GG43955 FIRTH-VICKERS STAINLESS STEEL CO. STAYBRITE WORKS SHEFFIELD, ENGLAND 1950s PROMO FILM

This short film “Round the Works in Four Minutes” promotes the Firth-Vickers Stainless Steel Co and its Staybrite Works in Sheffield, England. It probably dates to the 1950s. The brief tour of the works shows steel plates, sheets, wire and bars being formed, shaped and cooled. Firth-Vickers was a major name in Sheffield’s steel empire, and perhaps are best known for the invention of Stainless steel in 1912. The company branded their stainless as ‘Staybrite’, which gave this works its name. At 2:08, spinning machines that are centrifugal furnaces are shown, initially used in the aircraft industry. At 2:33, automated lines are shown. At 3:10, bright and mirror finish stainless steel sheets are shown. At 3:30, various uses of steel are shown including in a meat processing plant where cleanliness is very important, a bottling plant and a milk dairy.

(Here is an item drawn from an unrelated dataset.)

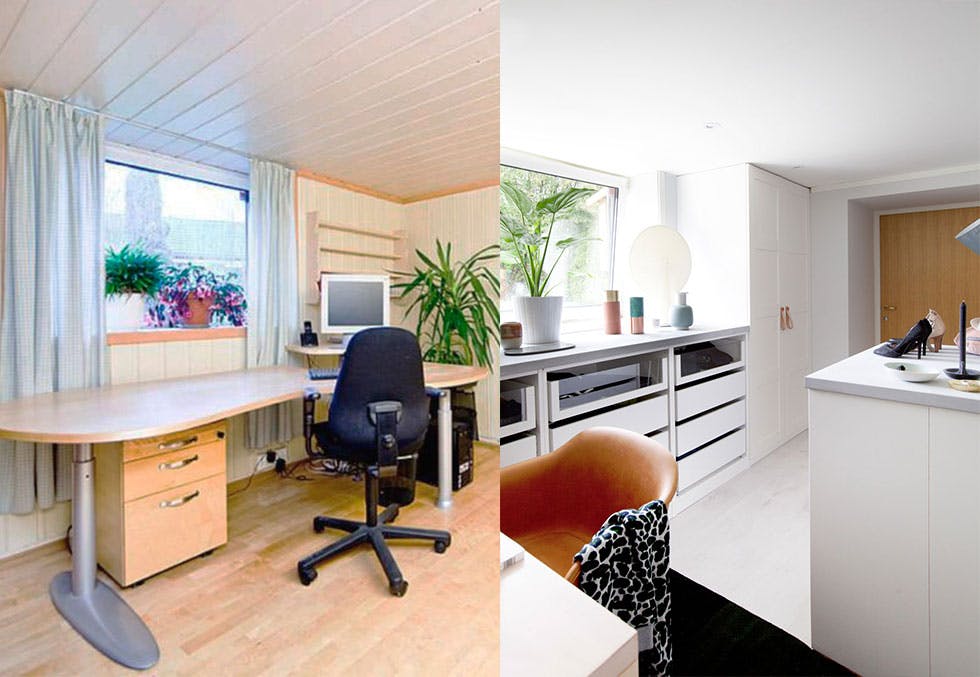 Før & etter Ja da, dette er det samme rommet! Marthe og Ronny gjorde om et slitent kontor til nydelig og praktisk walk-in closet.

Firth Brown Steels was initially formed in 1902, when Sheffield steelmakers John Brown & Company merged with Thomas Firth & Sons. In 1908 the two companies came together and established the Brown Firth Research Laboratories and it was here, in 1912, under the leadership of Harry Brearley that high chrome stainless steel was developed. The companies continued under their own management until they formally merged in 1930 becoming Firth Brown Steels. In 1934 the stainless steel business, based at the Staybrite Works, Sheffield, was split off as a jointly-owned company with English Steel Corporation Ltd. and was re-incorporated as Firth-Vickers Stainless Steels Ltd. The company is now part of Sheffield Forgemasters. During the 1970s a market downturn, the Thatcher era recession and labor problems caused several Sheffield steelworks, including Staybrite, to close. The Sheffield Works is now derelict.